Currently, cardiovascular disease (CVD) is a leading cause of death in Australia and the most costly disease, accounting for 11% of total healthcare expenditure in 2005/06 [16], with hospital services comprising the largest component of CVD total expenditure [17]. Ageing is an unmodifiable risk factor of all disease, including CVD. Thus, the ageing population may cause a considerable burden for costs of CVD. However, there is limited literature about the impact of the ageing population on the costs of CVD-related hospitalisation. Considering the rise in healthcare costs and the relative burden of CVD, an understanding of the magnitude of the impact of ageing on costs of treatment for CVD in Western Australia (WA) will provide a useful evidence base for planning and budgetary purposes and future policy formulation. The aim of the study was to measure the contribution of population ageing to the hospitalisation costs for CVD in WA, using the component decomposition method. Through the method, the hospitalisation costs were decomposed into subcomponents and subsequently costs attributable to ageing of the population in each component over a period of time were isolated.

Methods

Study population and data source

All hospitalisations occurring in Western Australia pertaining to patients aged 18 years and older with a principal or co-diagnosis CVD code from 1 July 1993 to 30 June 2004 were extracted from the Hospital Morbidity Data System (HMDS) using the Western Australian Data Linkage System (WADLS) described elsewhere [18],[19]. The HMDC captures records of separations from all public, private acute care and psychiatric hospitals and private freestanding day hospital facilities in Western Australia [20]. The relevant CVD codes of hospitalisations were identified using the International Classification of Disease (ICD) codes version current at the time of separation from hospital and are detailed in the following sub section. Prior to data extraction, ethics approval for this study was obtained from the Human Research Ethics Committee at the University of Western Australia and Curtin University.

Case selection and classification

Common types of CVD in Australia were included in this study. Relevant ICD codes to identify hospitalisations with CVD were obtained from publications produced by the Australian Institute of Health and Welfare (AIHW [17] and L Nedkoff, TG Briffa, DB Preen, FM Sanfilippo, J Hung, SC Ridout, M Knuiman and M Hobbs [21]. Events were defined as CVD when they were recorded as either heart failure, or angina pectoris, or acute myocardial infarction, or unstable angina or stroke. All records were subsequently grouped into three subgroups, namely chronic conditions (ICD 9_CM 428, and 413, ICD 10-AM I50, and I20), acute coronary syndromes (ACS) (ICD 9_CM 410, and 411.1, ICD 10-AM I21, and I20.0) and stroke (ICD 9_CM 430-432 and 436, ICD 10-AM I60-I64).

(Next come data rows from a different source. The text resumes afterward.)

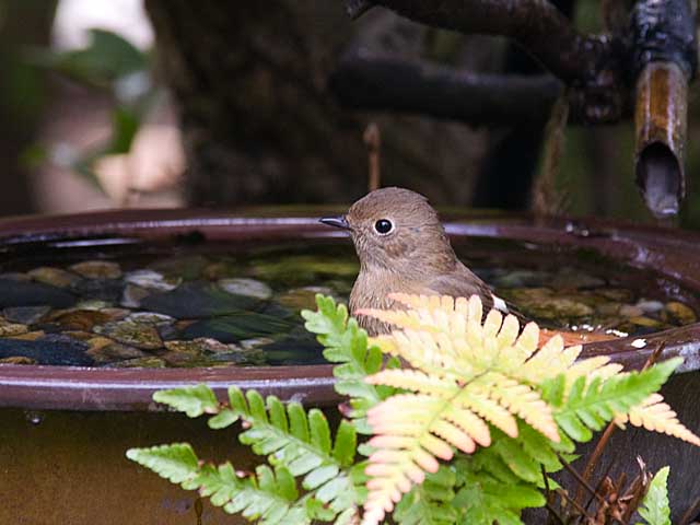 ジョウビタキの水浴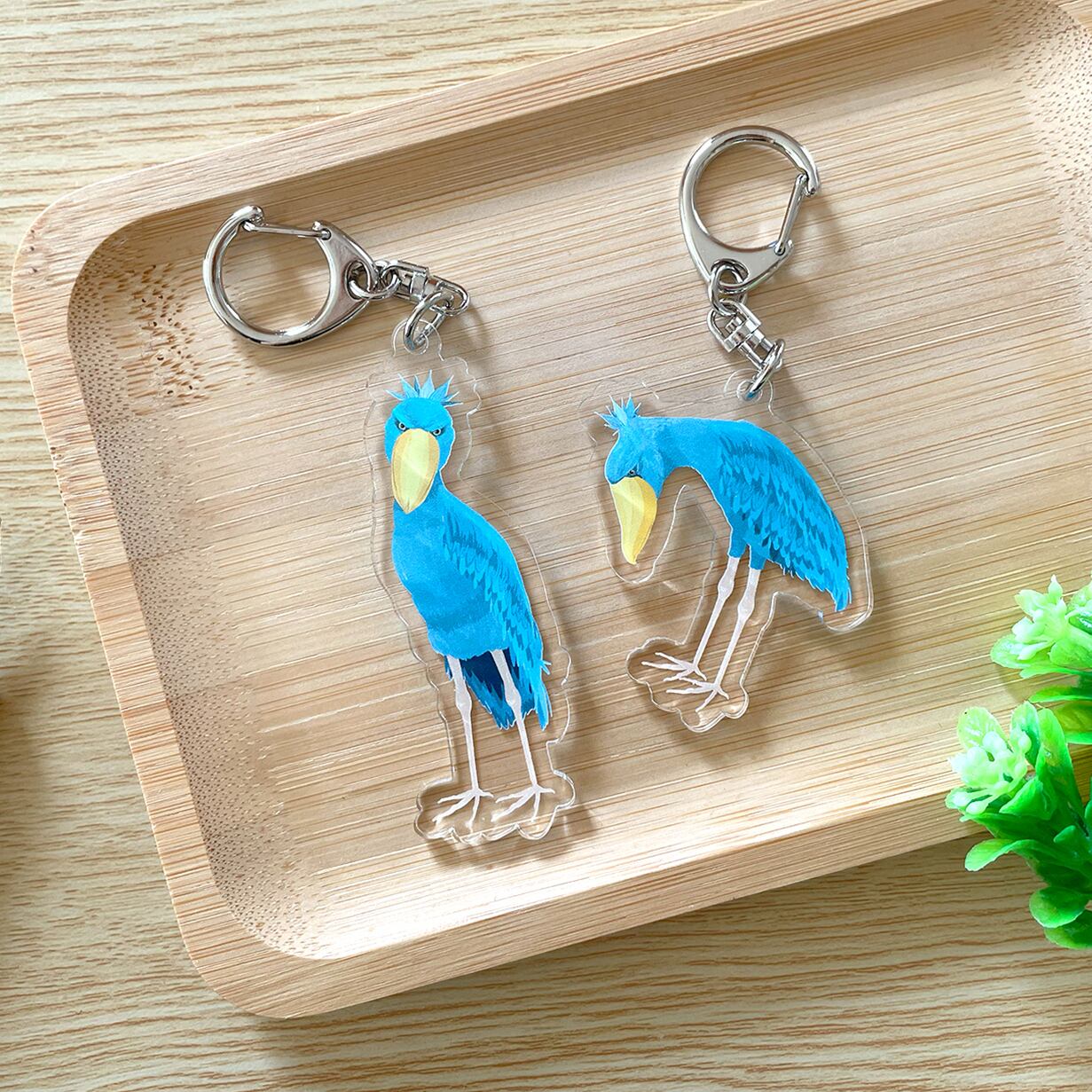 ハシビロコウの姿を色鮮やかに描いたアクリルキーホルダーです。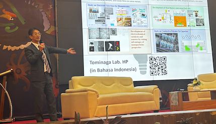 化学部門の冨永 昌人 教授および、理工学専攻バイオ・マテリアルエンジニアリングコース博士後期課程2年のPrapti Ira Kumalasariさんが、2025年9月11日(木)にインドネシア・カリマンタン工科大学において、以下の講演タイトルで基調講演および招待講演をそれぞれ行いました。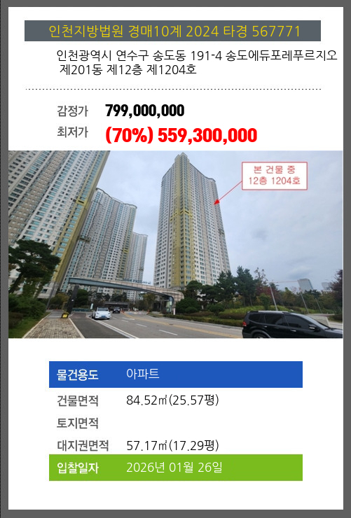 사건번호 2024 타경 567771 본건은 인천광역시 연수구 송도동 191-4 송도에듀포레푸르지오 제201동 제12층 제1204호소재하는 아파트경매 물건의 포스팅입니다. 건물면적 [ 84.52㎡ (25.57평) ]대지권 [ 57.17㎡ (17.29평) ]

The individual records of hospitalisation were aggregated into episodes of care, defined as a period of continuous hospitalisation. Inter-hospital transfers were periods of in-patient hospitalisation that overlapped with each other or where separation (discharge) and admission dates were on sequential days. Capture of transfers between hospitals is required in order to avoid over counting of the number of hospitalisation events. In our study periods of contiguous in-patient hospitalisation were classified as episodes of care. The episode of care was assigned to one of 17 age groups (18-19, 20-24 to 90-94 in five-year age groups and 95+ years) determined by the age in years at admission time of each individual. The first age group comprised only two years (18-19 years) since data extraction was restricted to hospitalisation records for individuals from 18 years and over.

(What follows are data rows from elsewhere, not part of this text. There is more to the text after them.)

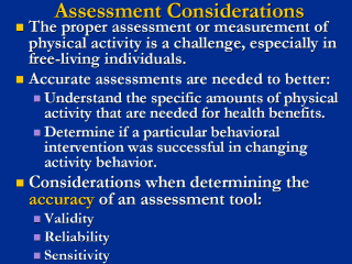 Accuracy is the degree to which an assessment tool is able to measure physical activity and/or exercise. Accuracy is comprised of both validity and reliability. Validity is the degree to which an instrument measures what it sets out to measure. Reliability of an assessment tool relates to it’s repeatability. Will the results that were obtained with a particular assessment tool be replicated if the test is repeated? Sensitivity relates to the ability of an assessment tool to accurately measure and detect change in physical activity patterns. Recommended Reading: Welk GJ (2002). Physical activity assessments for health-related research. Champaign, IL: Human Kinetics. |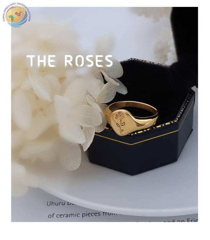 marka French Ring Rose Flower Ring Index Finger Ring Ring Titanium steel 18k gold tail ring ins Style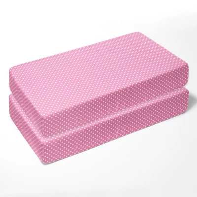 - This Bacati 10-piece Crib Set Includes Reversible Comforter/Playmat (33 x 43 inches), Two Crib fitted sheets (52 x 28 x 6 inches), Crib Skirt/Dust ruffle (13 inch drop) Diaper Stacker (holds more than 30 newborn diapers), Window Valance (15 h x 56 w inches with 1.75 inch Rod Pocket), 3 pc Wall Hangings Set and Musical Mobile in fun, colorful and signature prints in 100 percent cotton 200 Thread Count percale fabrics. Designed in United States by Experienced Designers. Many coordinating items available to purchase separately in this Bacati Elephants Pink/Fuschia/Gray Bedding Collection.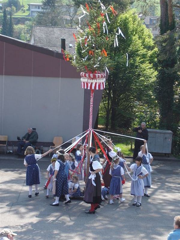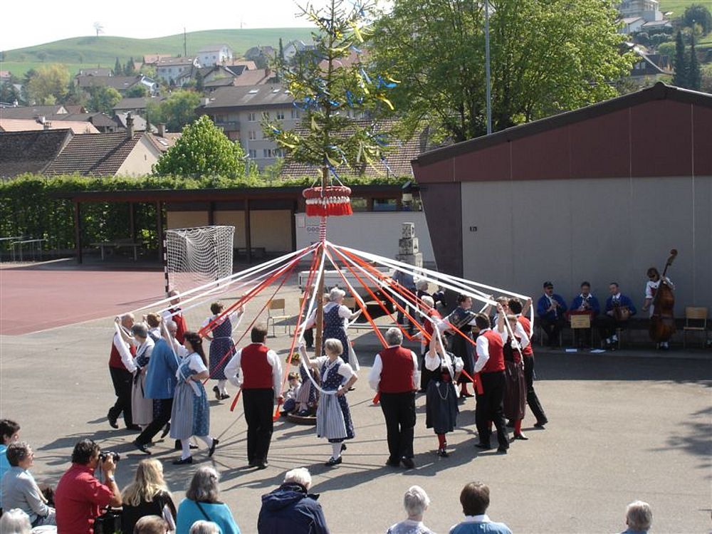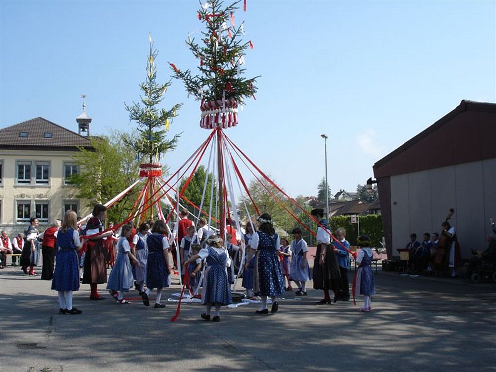 Wie in den letzten Jahren, war auch diesmal schönes Wetter, was zahlreiche Zuschauer auf den Pausenplatz in Niederdorf lockte. Das Maitanzen begann mit dem Gottesdienst, welcher musikalisch vom Trachtenchörli, der Alphorngruppe Lueg ins Land und einer Delegation des Musikvereins Niederdorf umrahmt wurde.

Assigning cost to episodes of care

The Australian Refined Diagnosis Related Group is an Australian admitted patient classification system, which provides a way of relating the number and type of patients treated in a hospital to the resources required by the hospital. Acute admitted patient episodes of care are categorised into groups with similar conditions and similar usage of hospital resources, using information in the hospital morbidity record such as the diagnoses, procedures and demographic characteristics of patient.

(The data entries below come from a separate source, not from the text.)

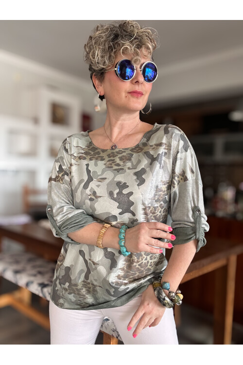 Miranda İtalyan Varak Baskı Kamuflaj Bluz Haki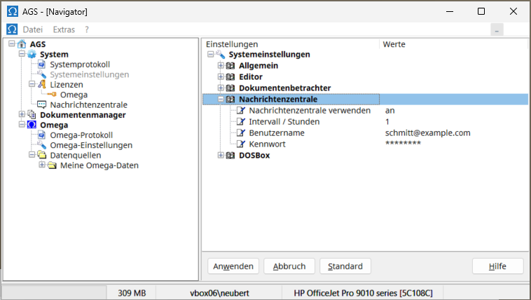 Please remember to enter your username and password in the details view of AGS | System | System settings in the AGS Navigator under the heading "Message Center" after installation.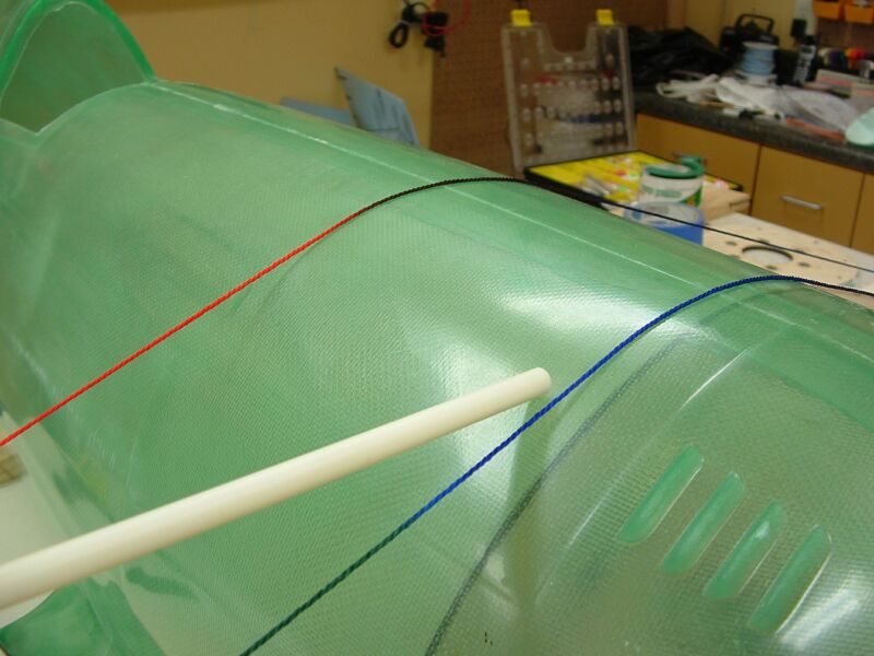 I've been toying with several options for flying wires. From the real thing to "faux" wires. The number of wires needed and the time to assemble and disassemble at the field eliminated real wires. I read a review on the GP BeeGee here on RCU and adding flying wires was shown http://www.rcuniverse.com/magazine/a...article_id=351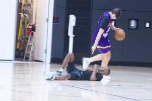 不要太过分🤣!里夫斯背身运球晃倒助教 并指着后者疯狂嘲讽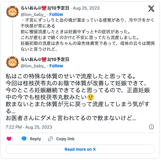 流産経験があるこの方は、漢方を使用することで妊娠したそうです。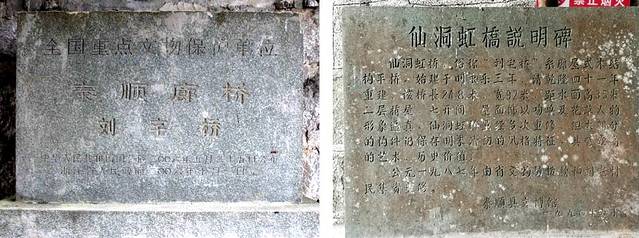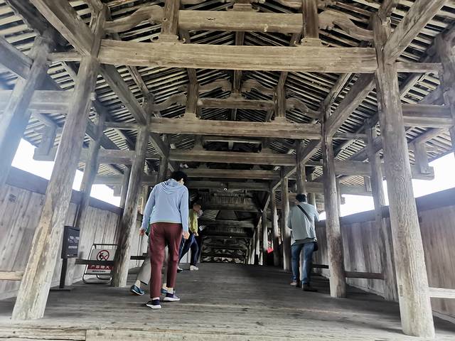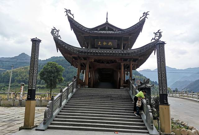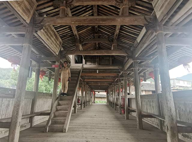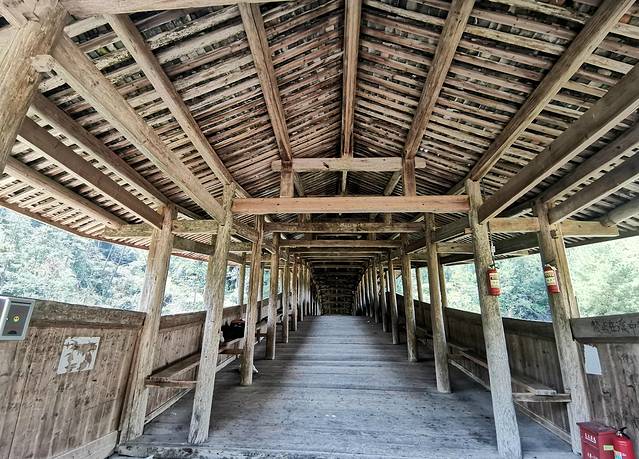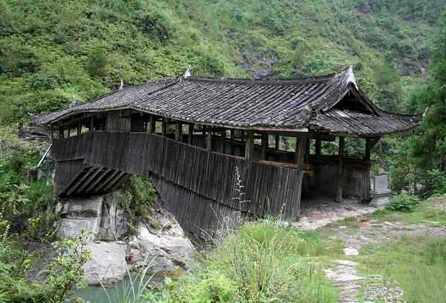 桥拱上建有廊屋15间,当中高起的几间为楼阁。屋檐翼角飞挑,屋脊青龙绕虚,颇有吞云吐雾之势,无桥墩,由粗木架成八字形伸臂木拱

The cost of each episode of care was assigned based on AR-DRG code recorded in the HMDS record for each record of hospitalisation included within an episode of care (where there were inter-hospital transfers). The cost attributed to each AR-DRG was that reported for that AR-DRG in the National Hospital Cost Data Collection Report relevant to the year of each separation [22]. The cost was assigned inclusive for all hospitalisation events in database before adjusting for the inter-hospital transfers and therefore included multiple records in the case of inter-hospital transfer. Thus, the costs of the inter-hospital transfer episodes were a sum of any records which formed the episode of care. The hospitalisation costs included medications, investigation undertaken whole admitted, physicians, nursing staff, operating theatre, emergency department and “hotel” costs but not included rehabilitation costs. All dollar values were adjusted to 2012 price levels, using health price indices calculated from the Health and Welfare expenditure series of the AIHW [23],[24].

Statistical analysis

The total number of episodes (E) and cost per episode (CPE) were calculated in five-year age groups by sex and diagnosis subgroup at two points of time, 1993/94 and 2003/04. Number of episodes per capita (NEC) for gender x and age-specific group j was calculated separately for chronic conditions, ACS, stroke and overall CVD:

N E C x j = Ex , j P x , j , where Ex,j is the number episodes for gender x and age-specific group j; Px,j is the WA population in gender x and age group j for that year (obtained from the Australian Bureau of Statistic Time Series Workbook Table 55 (ABS 3101.0)) as the denominator [25]. The rates were calculated per 100,000 population.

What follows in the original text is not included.